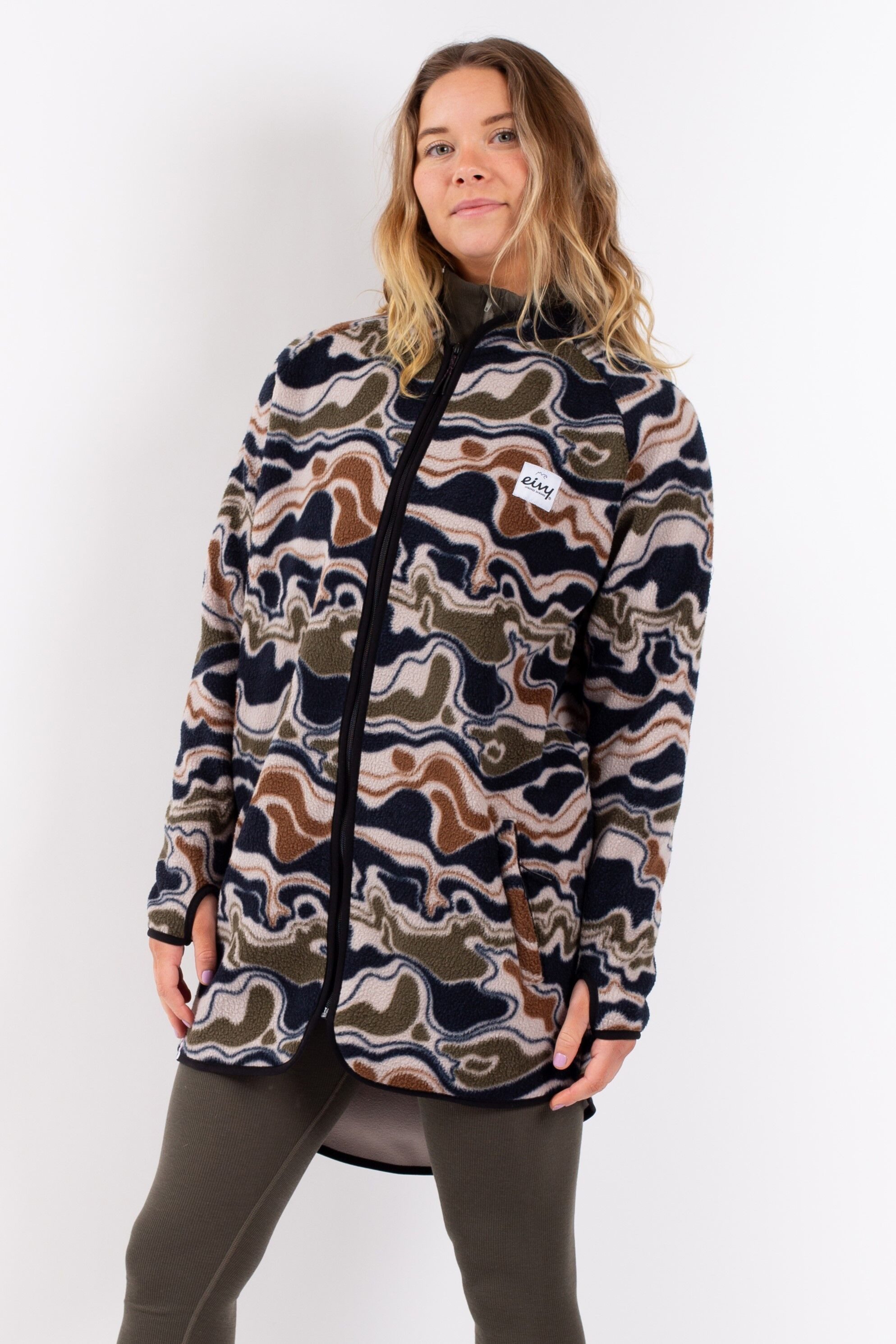 Weitgeschnittener, oversized Fleece Sweater mit YKK® Reißverschluss Kragen, Logopatch auf der Brust, Ärmeldetails, Daumenschlaufen und einer versteckten Brusttasche. Aus 100% GRS recyceltem Polyester. Designed in Åre, Schweden.
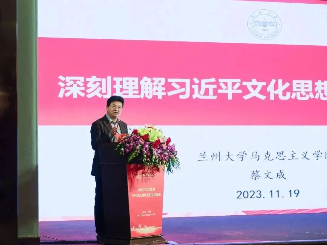 兰州大学蔡文成教授在《深刻理解习近平文化思想的生成逻辑》的报告中指出,习近平文化思想是新时代党领导文化建设实践经验的理论总结,是“两个结合”的重大理论成果,丰富和发展了马克思主义文化理论,构成了习近平新时代中国特色社会主义思想的文化篇。习近平在新时代文化建设方面的新思想新观点新论断,内涵十分丰富、论述极为深刻,既有文化理论观点的创新和突破,又有文化工作布局上的部署要求,明体达用、体用贯通,是新时代文化建设强大思想武器和科学行动指南。习近平文化思想的形成和发展具有深刻的历史逻辑、理论逻辑、现实逻辑、文化逻辑。学习宣传贯彻习近平文化思想需要先学多学深学,消化内化转化,研究阐释宣传,示范引领辐射。
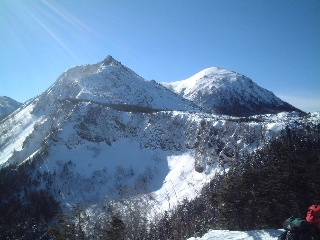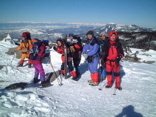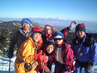 ゆっくりした小屋を後にして、いよいよ中山へ。これさえ登ればあとは楽勝。気温は氷点下12度くらいだったと記憶しているが、登っているとやたら熱く感じられた。思わず手袋を外す(なぜか私だけ)。いったん登り切った所で視界の開けるところがあり、双耳峰の天狗岳が見えてくる。ここが展望台かと思ったら、その先に広い展望台があった。西側が広く開け、それは素晴らしい眺めだった。何一つ遮るもの無く、北アルプス、中央アルプスが望める。この日は最初からすっきりした青空で、どこにいてもどこかしら眺められた。
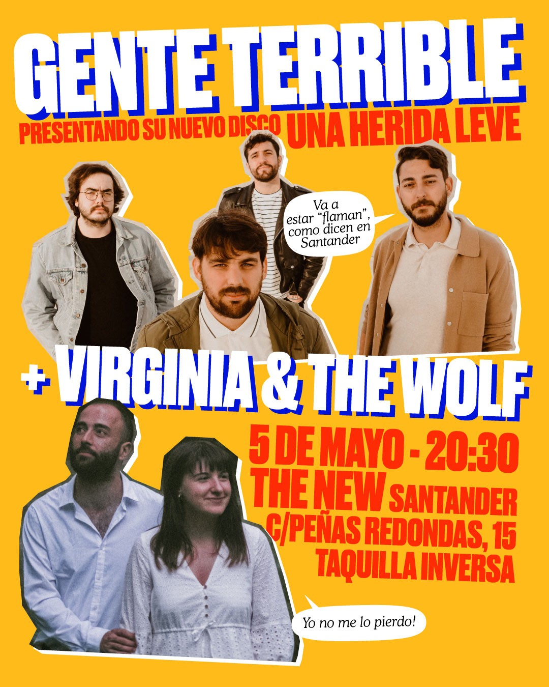El 5 de mayo, Gente Terrible y Virginia & the Wolf se subirán a las tablas de la sala santanderina Rock Beer The New para presentar su último larga duración. Los dos nombres asturianos van de la mano para dar vida a sus propuestas musicales: una, la del conjunto, con letras costumbristas y conceptuales sobre los dolores del crecer, envueltas en una estética que se mueve en el espacio indie-folk que hay entre el pop y el rock. La otra, la de la pareja formada por Paula Argüeso y Antonio Irún, despliega sus temas en una estética vaporosa con la que exploran aspectos tan vitales como la salud mental.
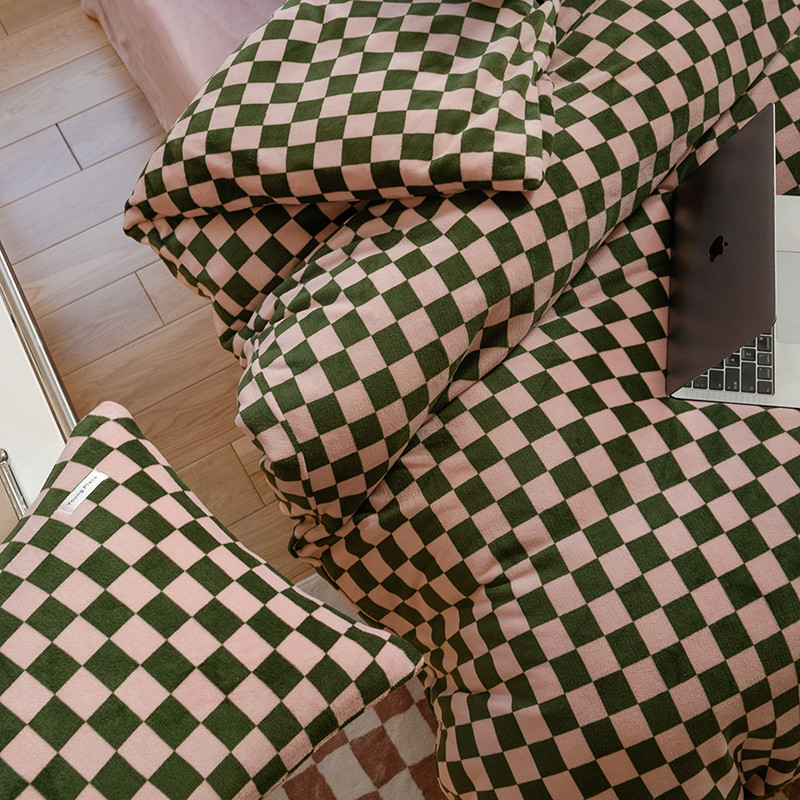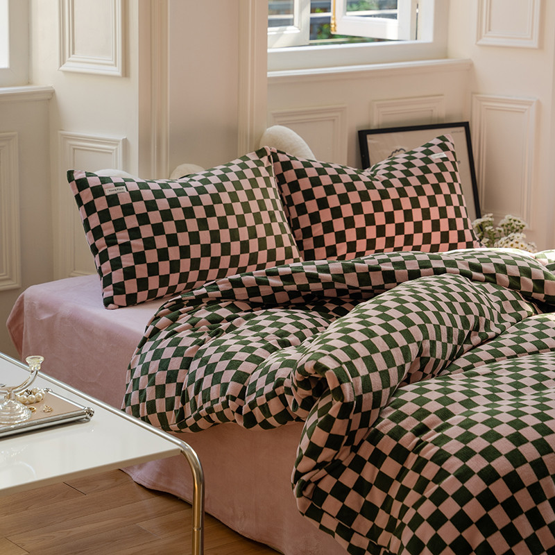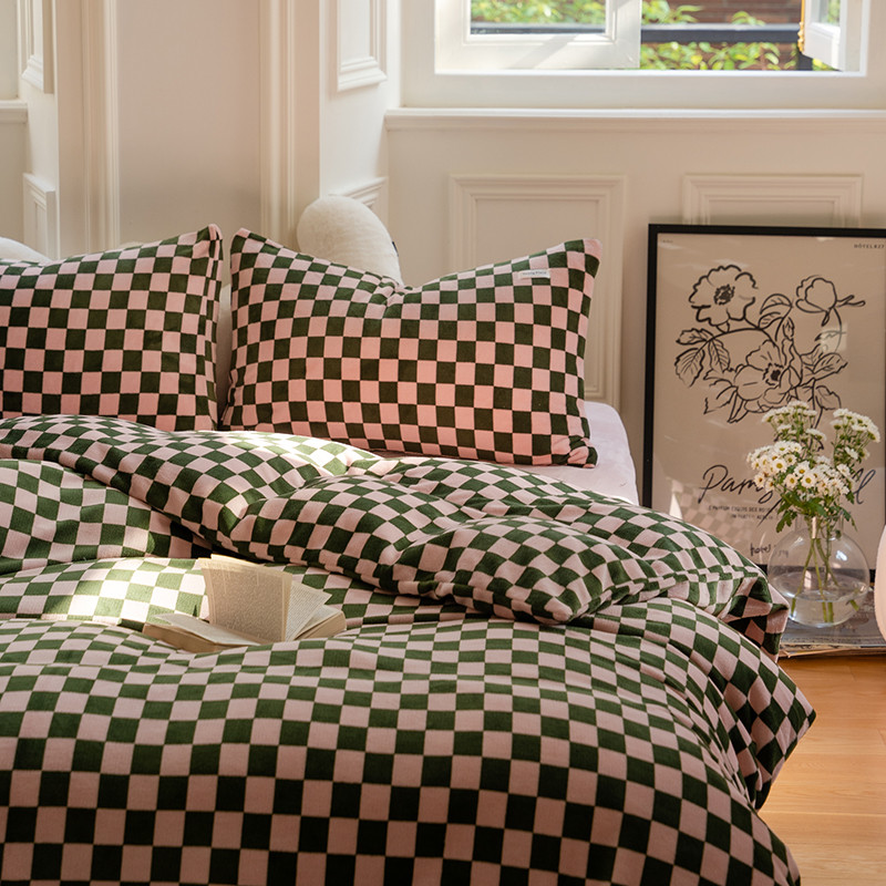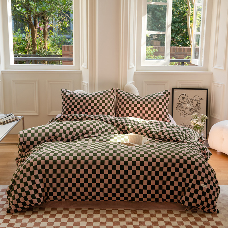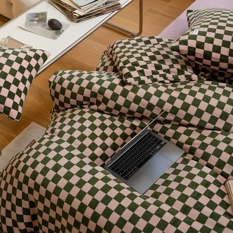 洋铭区 2022新款双色棋盘格四件套 庄园咖格
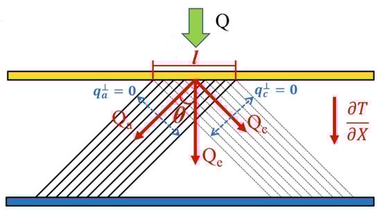 The a-axis and c-axis of anisotropic graphite are the two main directions of heat transfer. Under one-dimensional steady heat transfer, the heat transfer in the direction of heat flow can be regarded as the vector sum of the heat transfer of the a-axis and the c-axis. Figure 2 shows the conversion of thermal conductivity in non-main direction. Assume that heat is only transferred along the a-axis and c-axis, and the direction perpendicular to a-axis or c-axis is adiabatic. Then, the temperature gradients along the a-axis and c-axis are and , respectively. According to Equations (1)–(4), the solution of effective thermal conductivity along the z-axis of WCS was determined.
####
▶ _TASK_: Skipping all images, output the listing exactly.

▶ _ANSWER SPACE_:
 Weitgeschnittener, oversized Fleece Sweater mit YKK® Reißverschluss Kragen, Logopatch auf der Brust, Ärmeldetails, Daumenschlaufen und einer versteckten Brusttasche. Aus 100% GRS recyceltem Polyester. Designed in Åre, Schweden.
 兰州大学蔡文成教授在《深刻理解习近平文化思想的生成逻辑》的报告中指出,习近平文化思想是新时代党领导文化建设实践经验的理论总结,是“两个结合”的重大理论成果,丰富和发展了马克思主义文化理论,构成了习近平新时代中国特色社会主义思想的文化篇。习近平在新时代文化建设方面的新思想新观点新论断,内涵十分丰富、论述极为深刻,既有文化理论观点的创新和突破,又有文化工作布局上的部署要求,明体达用、体用贯通,是新时代文化建设强大思想武器和科学行动指南。习近平文化思想的形成和发展具有深刻的历史逻辑、理论逻辑、现实逻辑、文化逻辑。学习宣传贯彻习近平文化思想需要先学多学深学,消化内化转化,研究阐释宣传,示范引领辐射。
 ゆっくりした小屋を後にして、いよいよ中山へ。これさえ登ればあとは楽勝。気温は氷点下12度くらいだったと記憶しているが、登っているとやたら熱く感じられた。思わず手袋を外す(なぜか私だけ)。いったん登り切った所で視界の開けるところがあり、双耳峰の天狗岳が見えてくる。ここが展望台かと思ったら、その先に広い展望台があった。西側が広く開け、それは素晴らしい眺めだった。何一つ遮るもの無く、北アルプス、中央アルプスが望める。この日は最初からすっきりした青空で、どこにいてもどこかしら眺められた。
El 5 de mayo, Gente Terrible y Virginia & the Wolf se subirán a las tablas de la sala santanderina Rock Beer The New para presentar su último larga duración. Los dos nombres asturianos van de la mano para dar vida a sus propuestas musicales: una, la del conjunto, con letras costumbristas y conceptuales sobre los dolores del crecer, envueltas en una estética que se mueve en el espacio indie-folk que hay entre el pop y el rock. La otra, la de la pareja formada por Paula Argüeso y Antonio Irún, despliega sus temas en una estética vaporosa con la que exploran aspectos tan vitales como la salud mental.
 洋铭区 2022新款双色棋盘格四件套 庄园咖格
 The a-axis and c-axis of anisotropic graphite are the two main directions of heat transfer. Under one-dimensional steady heat transfer, the heat transfer in the direction of heat flow can be regarded as the vector sum of the heat transfer of the a-axis and the c-axis. Figure 2 shows the conversion of thermal conductivity in non-main direction. Assume that heat is only transferred along the a-axis and c-axis, and the direction perpendicular to a-axis or c-axis is adiabatic. Then, the temperature gradients along the a-axis and c-axis are and , respectively. According to Equations (1)–(4), the solution of effective thermal conductivity along the z-axis of WCS was determined.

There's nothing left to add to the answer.